I'll conclude with a brief rant about free speech. Stein whines about being denied free speech on the O'Reilly figment or factor or whatever he calls it. He claims that ID proponents are being denied their rightful place in academia because of persecution by dogmatic Darwinists. He's a lawyer so I assume he knows he is talking rubbish. Free speech doesn't give an algebra teacher the right to tell her students that triangles are four-sided figures because her Pastafarian scriptures say so. Free speech doesn't give a history teacher the right to claim that there is no history because she believes the Flying Spaghetti Monster creates the universe anew every half-nanosecond, complete with memories and signs of antiquity. Free speech doesn't give the local theologian or his uneducated fundamentalist followers the right to teach biology because they disagree with what is considered fundamental in biology by the scientific community and believe in a spirit who blows on mud to make the first man or in a "higher power" who does magic tricks and creates very complex systems using only his mind that is attached to no body. I know it appears that only a higher power with a perverted sense of humor could have created an O'Reilly or a Stein, but trust me: they too have insects in their family trees.

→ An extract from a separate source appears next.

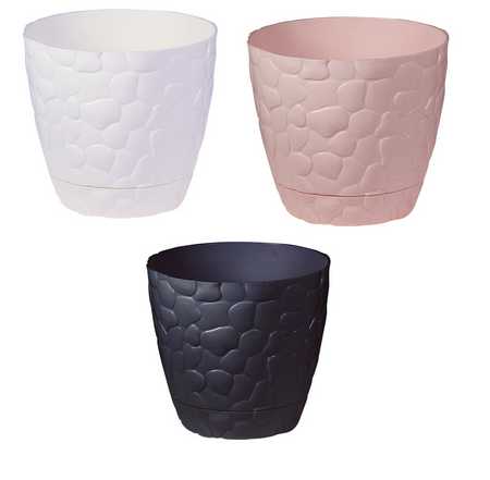 Стенки кашпо украшены объемной текстурой, имитирующей морскую гальку
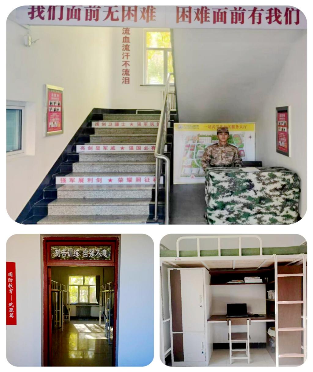 “亮剑”公寓内还设有文化墙,全面展现学长教官团发展历程与训练风采,记录了他们在军事技能训练中的卓越表现及对外输出的丰硕成果。文化墙不仅承载着学长教官们的荣耀与汗水,更激励着每一位学长教官持续追求卓越,勇攀高峰,为成就更加优秀的自我而奋斗。

The award this minute goes to Herrmann International for its spreading the germ of educational kinesiology, aka Brain Gym, an internationally advocated bit of pseudoscience that has infected educational institutions for over thirty years. Congratulations! Ned Herrmann invented what he called "whole brain thinking." He also developed The Herrmann Brain Dominance InstrumentTM (HBDI) You might call the HBDI Myers-Briggs for Dummies. Instead of sixteen basic types, the HBDI has only four, based on four alleged quadrants of the brain, one of which is said to be the dominant form of thinking in each of us. One type is creative (the imaginative person); another is analytical and logical (the rational person); another loves order and is good at following directions (the organized person); the last type is more emotional and social (the interpersonal person). This instrument is used by corporations, governments, educational facilities, and independent consultants to determine such things as who gets hired, fired, promoted, or assigned to which task. The word on the street is that it works just as well as using astrological signs or graphology. You can take the HBDI by clicking here. You probably didn't know that your dominant brain quadrant is partially revealed by how you hold a pencil.